Sir William John Macleay (13 June 1820 – 7 December 1891) was a Scottish-Australian politician, naturalist, zoologist, and herpetologist.

==Early life==
Macleay was born at Wick, Caithness, Scotland, second son of Kenneth Macleay of Keiss and his wife Barbara, née Horne. Macleay was educated at the Edinburgh Academy 1834–1836 and then to studied medicine at the University of Edinburgh. After his mother died, he moved to Australia with his cousin, William Sharp Macleay. The two first settled by Goulburn and then near the Murrumbidgee River.

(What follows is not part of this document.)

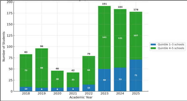 Participation patterns also changed demographically over the review period. Female representation increased from approximately one-quarter of enrolments in 2018 to 44 percent by 2025, while the proportion of students from Quintile 1–3 schools increased from under 10 percent to nearly 40 percent (Figure 4). In the South African schooling system, public schools are classified into quintiles from 1 to 5, with Quintile 1 representing the poorest communities and Quintile 5 the most affluent; growth in enrolments in Quintiles 1–3 therefore indicates expanded participation by students from historically disadvantaged educational backgrounds.

He is noted as the last of the naturalists in a family active in this field; his uncle was Alexander Macleay, Colonial Secretary of New South Wales from 1826 to 1836, and a member and fellow of societies concerned with the flora and fauna of the empire's colonies.

==Political career==
On 1 March 1855 Macleay was elected to the old Legislative Council as member for the Lachlan and Lower Darling Pastoral District. After responsible government, on 19 April 1856 Macleay was elected to the Legislative Assembly for the Lachlan and Lower Darling serving until 11 April 1859. From 1860 to 1874 he represented Murrumbidgee in the Assembly.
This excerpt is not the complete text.